GOAL OF THE EXERCISE: Write out again, please, the records below from the first line to the line holding "The birds in", inclusive, and nothing else.

TASK INPUT:
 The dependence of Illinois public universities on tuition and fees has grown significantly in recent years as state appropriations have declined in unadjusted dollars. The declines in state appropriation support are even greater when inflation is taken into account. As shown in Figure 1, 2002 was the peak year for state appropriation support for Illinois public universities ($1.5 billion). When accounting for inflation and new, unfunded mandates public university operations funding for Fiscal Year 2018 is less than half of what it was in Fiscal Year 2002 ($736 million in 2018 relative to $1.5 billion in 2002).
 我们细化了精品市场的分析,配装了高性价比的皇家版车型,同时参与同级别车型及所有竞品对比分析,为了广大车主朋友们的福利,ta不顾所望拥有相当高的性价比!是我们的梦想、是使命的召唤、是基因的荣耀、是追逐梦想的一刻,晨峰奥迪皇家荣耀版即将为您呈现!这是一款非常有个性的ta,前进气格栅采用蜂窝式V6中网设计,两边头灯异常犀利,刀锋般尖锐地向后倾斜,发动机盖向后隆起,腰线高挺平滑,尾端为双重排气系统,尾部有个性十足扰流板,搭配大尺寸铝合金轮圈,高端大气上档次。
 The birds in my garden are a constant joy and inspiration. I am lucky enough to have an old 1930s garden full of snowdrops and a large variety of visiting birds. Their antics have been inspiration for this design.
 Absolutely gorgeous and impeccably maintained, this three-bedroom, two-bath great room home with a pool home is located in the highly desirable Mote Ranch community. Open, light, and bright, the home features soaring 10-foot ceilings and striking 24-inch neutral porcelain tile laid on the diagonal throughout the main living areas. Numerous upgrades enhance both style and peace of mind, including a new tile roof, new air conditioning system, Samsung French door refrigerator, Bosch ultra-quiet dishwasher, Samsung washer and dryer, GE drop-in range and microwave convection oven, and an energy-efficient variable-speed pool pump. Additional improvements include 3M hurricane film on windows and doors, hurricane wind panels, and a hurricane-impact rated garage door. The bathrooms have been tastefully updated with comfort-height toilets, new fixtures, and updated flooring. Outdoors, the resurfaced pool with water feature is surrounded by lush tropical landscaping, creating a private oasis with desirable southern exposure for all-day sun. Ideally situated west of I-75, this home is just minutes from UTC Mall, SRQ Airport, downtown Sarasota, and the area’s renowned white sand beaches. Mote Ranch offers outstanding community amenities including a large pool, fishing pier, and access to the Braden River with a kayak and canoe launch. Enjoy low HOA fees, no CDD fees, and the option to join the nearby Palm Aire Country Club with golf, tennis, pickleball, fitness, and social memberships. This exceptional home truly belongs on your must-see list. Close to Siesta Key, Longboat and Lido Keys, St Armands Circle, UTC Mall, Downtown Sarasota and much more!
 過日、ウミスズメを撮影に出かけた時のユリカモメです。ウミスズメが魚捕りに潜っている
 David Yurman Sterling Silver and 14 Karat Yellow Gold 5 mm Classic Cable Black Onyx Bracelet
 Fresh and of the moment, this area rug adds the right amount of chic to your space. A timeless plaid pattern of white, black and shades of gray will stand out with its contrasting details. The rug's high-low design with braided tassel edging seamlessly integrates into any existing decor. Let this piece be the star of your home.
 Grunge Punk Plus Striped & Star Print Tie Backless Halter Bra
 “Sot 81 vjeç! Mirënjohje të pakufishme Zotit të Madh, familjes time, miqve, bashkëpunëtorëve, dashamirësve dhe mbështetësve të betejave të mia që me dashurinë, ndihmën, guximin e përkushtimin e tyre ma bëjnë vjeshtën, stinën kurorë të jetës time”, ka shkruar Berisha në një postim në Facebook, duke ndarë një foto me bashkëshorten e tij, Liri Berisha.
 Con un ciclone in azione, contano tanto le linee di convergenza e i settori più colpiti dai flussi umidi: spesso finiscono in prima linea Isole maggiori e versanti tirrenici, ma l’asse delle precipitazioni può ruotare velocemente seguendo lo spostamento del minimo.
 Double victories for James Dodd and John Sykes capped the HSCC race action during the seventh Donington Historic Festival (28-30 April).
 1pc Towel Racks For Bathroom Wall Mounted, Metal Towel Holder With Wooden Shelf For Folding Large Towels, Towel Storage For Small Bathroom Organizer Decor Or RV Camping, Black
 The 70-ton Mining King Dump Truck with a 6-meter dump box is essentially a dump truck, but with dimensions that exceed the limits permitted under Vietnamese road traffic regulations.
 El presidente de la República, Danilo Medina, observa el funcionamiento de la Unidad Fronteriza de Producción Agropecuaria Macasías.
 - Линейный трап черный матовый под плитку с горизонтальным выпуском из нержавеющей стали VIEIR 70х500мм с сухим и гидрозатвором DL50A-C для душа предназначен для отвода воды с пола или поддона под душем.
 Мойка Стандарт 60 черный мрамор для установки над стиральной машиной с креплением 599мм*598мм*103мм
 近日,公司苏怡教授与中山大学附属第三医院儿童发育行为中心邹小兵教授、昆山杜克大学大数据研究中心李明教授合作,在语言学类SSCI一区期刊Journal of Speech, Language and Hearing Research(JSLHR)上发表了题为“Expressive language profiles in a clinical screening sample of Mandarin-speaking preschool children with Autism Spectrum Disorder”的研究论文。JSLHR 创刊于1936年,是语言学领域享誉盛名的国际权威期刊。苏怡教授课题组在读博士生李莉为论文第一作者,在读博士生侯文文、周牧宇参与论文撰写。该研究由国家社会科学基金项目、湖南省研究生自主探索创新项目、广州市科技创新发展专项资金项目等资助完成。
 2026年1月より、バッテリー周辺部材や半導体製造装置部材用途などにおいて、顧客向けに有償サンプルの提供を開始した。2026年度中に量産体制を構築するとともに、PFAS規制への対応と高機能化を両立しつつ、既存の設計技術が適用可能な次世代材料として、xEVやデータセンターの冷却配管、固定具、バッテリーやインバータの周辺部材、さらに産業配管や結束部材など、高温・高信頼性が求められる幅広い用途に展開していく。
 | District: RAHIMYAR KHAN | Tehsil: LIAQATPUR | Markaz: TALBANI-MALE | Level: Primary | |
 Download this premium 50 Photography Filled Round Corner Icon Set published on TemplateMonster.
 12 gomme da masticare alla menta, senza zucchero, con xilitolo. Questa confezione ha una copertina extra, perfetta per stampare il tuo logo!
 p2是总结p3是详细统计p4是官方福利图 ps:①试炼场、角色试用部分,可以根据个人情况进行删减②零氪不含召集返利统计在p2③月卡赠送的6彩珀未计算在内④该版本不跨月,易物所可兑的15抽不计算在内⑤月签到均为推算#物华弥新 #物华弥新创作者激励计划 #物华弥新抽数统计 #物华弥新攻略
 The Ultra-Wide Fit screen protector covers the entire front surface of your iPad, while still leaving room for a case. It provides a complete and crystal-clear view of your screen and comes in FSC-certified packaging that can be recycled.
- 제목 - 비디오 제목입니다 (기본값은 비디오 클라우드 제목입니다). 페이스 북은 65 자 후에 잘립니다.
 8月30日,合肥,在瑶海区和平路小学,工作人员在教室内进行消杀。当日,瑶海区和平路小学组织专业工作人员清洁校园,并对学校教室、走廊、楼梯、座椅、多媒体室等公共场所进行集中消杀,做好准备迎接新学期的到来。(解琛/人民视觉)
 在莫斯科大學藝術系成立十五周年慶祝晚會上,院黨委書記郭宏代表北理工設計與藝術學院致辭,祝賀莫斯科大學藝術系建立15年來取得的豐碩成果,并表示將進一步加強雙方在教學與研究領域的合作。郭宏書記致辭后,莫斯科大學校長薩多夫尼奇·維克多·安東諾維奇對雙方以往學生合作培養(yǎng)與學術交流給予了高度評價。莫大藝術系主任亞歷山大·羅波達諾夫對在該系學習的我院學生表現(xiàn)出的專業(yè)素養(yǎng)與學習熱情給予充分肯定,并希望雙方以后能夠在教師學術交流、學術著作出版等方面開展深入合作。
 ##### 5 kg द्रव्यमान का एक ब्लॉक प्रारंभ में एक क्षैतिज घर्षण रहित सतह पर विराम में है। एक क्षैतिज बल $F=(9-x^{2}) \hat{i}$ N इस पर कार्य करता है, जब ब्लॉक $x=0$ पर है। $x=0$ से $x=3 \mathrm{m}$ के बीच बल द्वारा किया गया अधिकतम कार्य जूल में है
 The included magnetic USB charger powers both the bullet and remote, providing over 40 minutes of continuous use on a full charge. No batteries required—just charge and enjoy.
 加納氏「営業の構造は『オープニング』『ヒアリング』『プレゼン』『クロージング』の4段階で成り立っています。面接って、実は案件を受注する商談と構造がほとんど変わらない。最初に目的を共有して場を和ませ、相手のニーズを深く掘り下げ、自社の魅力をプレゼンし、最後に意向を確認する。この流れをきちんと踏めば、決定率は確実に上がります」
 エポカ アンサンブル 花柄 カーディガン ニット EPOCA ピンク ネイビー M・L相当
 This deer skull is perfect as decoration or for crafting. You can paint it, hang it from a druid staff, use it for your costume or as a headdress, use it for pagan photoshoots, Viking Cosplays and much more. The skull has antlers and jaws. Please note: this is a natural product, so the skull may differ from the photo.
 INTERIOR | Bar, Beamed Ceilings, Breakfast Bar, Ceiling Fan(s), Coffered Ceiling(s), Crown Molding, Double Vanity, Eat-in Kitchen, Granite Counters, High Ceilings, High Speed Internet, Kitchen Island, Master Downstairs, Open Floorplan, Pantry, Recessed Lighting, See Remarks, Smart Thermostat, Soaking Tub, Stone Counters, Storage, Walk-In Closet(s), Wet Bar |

ANSWER TO THIS TASK:
 The dependence of Illinois public universities on tuition and fees has grown significantly in recent years as state appropriations have declined in unadjusted dollars. The declines in state appropriation support are even greater when inflation is taken into account. As shown in Figure 1, 2002 was the peak year for state appropriation support for Illinois public universities ($1.5 billion). When accounting for inflation and new, unfunded mandates public university operations funding for Fiscal Year 2018 is less than half of what it was in Fiscal Year 2002 ($736 million in 2018 relative to $1.5 billion in 2002).
 我们细化了精品市场的分析,配装了高性价比的皇家版车型,同时参与同级别车型及所有竞品对比分析,为了广大车主朋友们的福利,ta不顾所望拥有相当高的性价比!是我们的梦想、是使命的召唤、是基因的荣耀、是追逐梦想的一刻,晨峰奥迪皇家荣耀版即将为您呈现!这是一款非常有个性的ta,前进气格栅采用蜂窝式V6中网设计,两边头灯异常犀利,刀锋般尖锐地向后倾斜,发动机盖向后隆起,腰线高挺平滑,尾端为双重排气系统,尾部有个性十足扰流板,搭配大尺寸铝合金轮圈,高端大气上档次。
 The birds in my garden are a constant joy and inspiration. I am lucky enough to have an old 1930s garden full of snowdrops and a large variety of visiting birds. Their antics have been inspiration for this design.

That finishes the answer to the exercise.